◆ EXERCISE
Your task is to give the listing below back word for word, pictures excluded.

◆ DATA FOR ANALYSIS
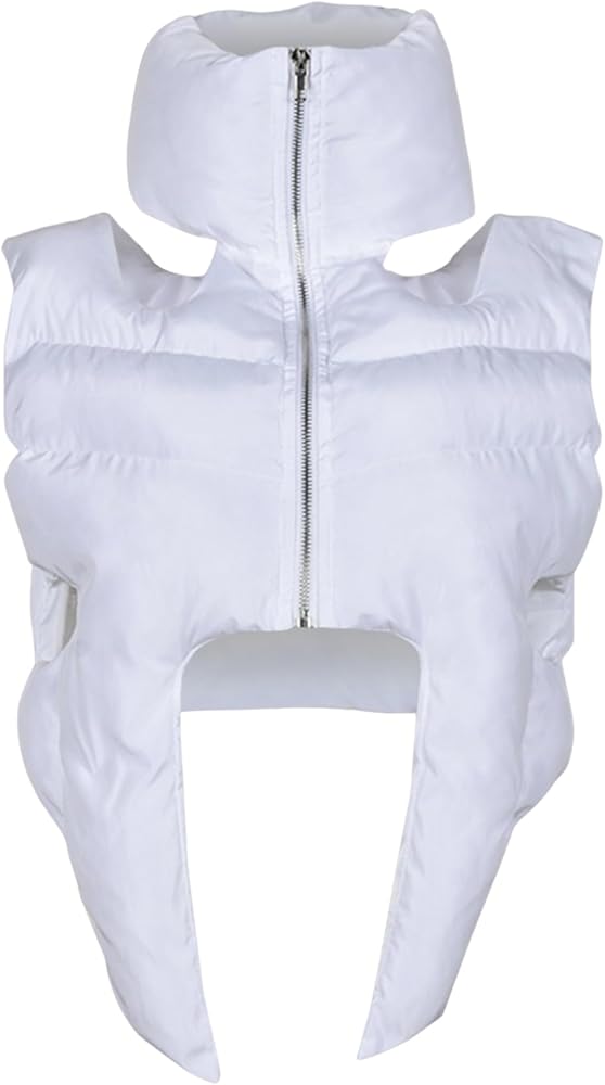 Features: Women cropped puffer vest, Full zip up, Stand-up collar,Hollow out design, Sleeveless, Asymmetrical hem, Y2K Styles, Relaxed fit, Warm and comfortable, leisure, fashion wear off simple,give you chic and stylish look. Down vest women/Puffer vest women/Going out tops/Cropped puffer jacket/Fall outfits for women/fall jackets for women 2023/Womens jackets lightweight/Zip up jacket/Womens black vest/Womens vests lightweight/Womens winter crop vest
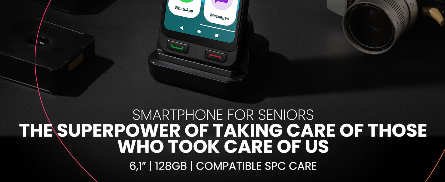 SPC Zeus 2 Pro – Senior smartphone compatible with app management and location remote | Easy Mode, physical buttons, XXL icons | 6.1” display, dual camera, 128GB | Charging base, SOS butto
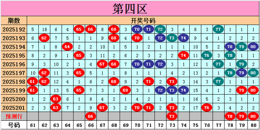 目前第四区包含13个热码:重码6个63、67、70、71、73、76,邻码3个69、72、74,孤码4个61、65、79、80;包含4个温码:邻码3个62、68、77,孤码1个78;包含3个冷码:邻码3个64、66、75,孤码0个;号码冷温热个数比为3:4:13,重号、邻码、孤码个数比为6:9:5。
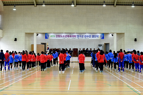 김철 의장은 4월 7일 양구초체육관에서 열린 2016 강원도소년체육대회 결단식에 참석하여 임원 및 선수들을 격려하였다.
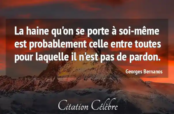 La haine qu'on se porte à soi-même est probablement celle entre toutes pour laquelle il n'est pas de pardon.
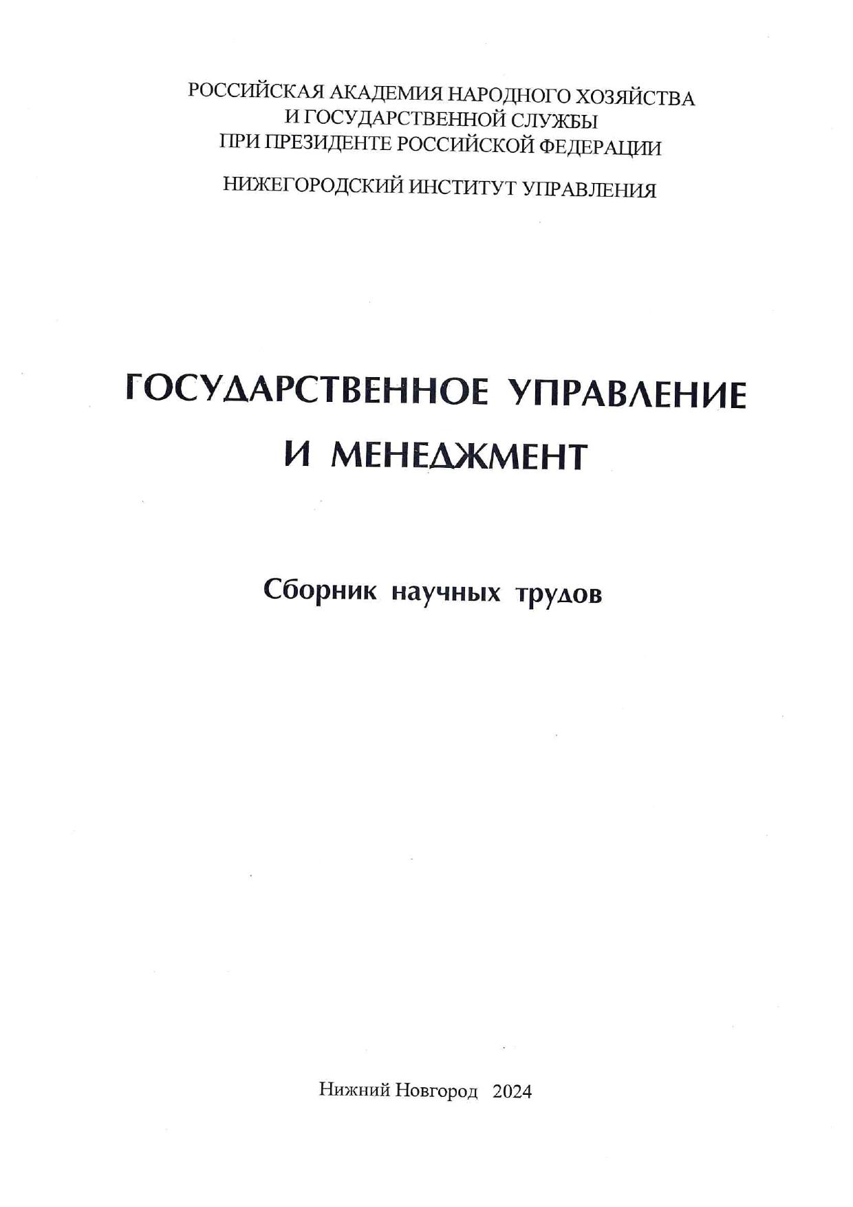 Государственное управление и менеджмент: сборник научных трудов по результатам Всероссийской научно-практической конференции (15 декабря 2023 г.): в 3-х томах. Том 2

◆ SOLUTION FOR THIS PROBLEM
 Features: Women cropped puffer vest, Full zip up, Stand-up collar,Hollow out design, Sleeveless, Asymmetrical hem, Y2K Styles, Relaxed fit, Warm and comfortable, leisure, fashion wear off simple,give you chic and stylish look. Down vest women/Puffer vest women/Going out tops/Cropped puffer jacket/Fall outfits for women/fall jackets for women 2023/Womens jackets lightweight/Zip up jacket/Womens black vest/Womens vests lightweight/Womens winter crop vest
 SPC Zeus 2 Pro – Senior smartphone compatible with app management and location remote | Easy Mode, physical buttons, XXL icons | 6.1” display, dual camera, 128GB | Charging base, SOS butto
 目前第四区包含13个热码:重码6个63、67、70、71、73、76,邻码3个69、72、74,孤码4个61、65、79、80;包含4个温码:邻码3个62、68、77,孤码1个78;包含3个冷码:邻码3个64、66、75,孤码0个;号码冷温热个数比为3:4:13,重号、邻码、孤码个数比为6:9:5。
 김철 의장은 4월 7일 양구초체육관에서 열린 2016 강원도소년체육대회 결단식에 참석하여 임원 및 선수들을 격려하였다.
 La haine qu'on se porte à soi-même est probablement celle entre toutes pour laquelle il n'est pas de pardon.
 Государственное управление и менеджмент: сборник научных трудов по результатам Всероссийской научно-практической конференции (15 декабря 2023 г.): в 3-х томах. Том 2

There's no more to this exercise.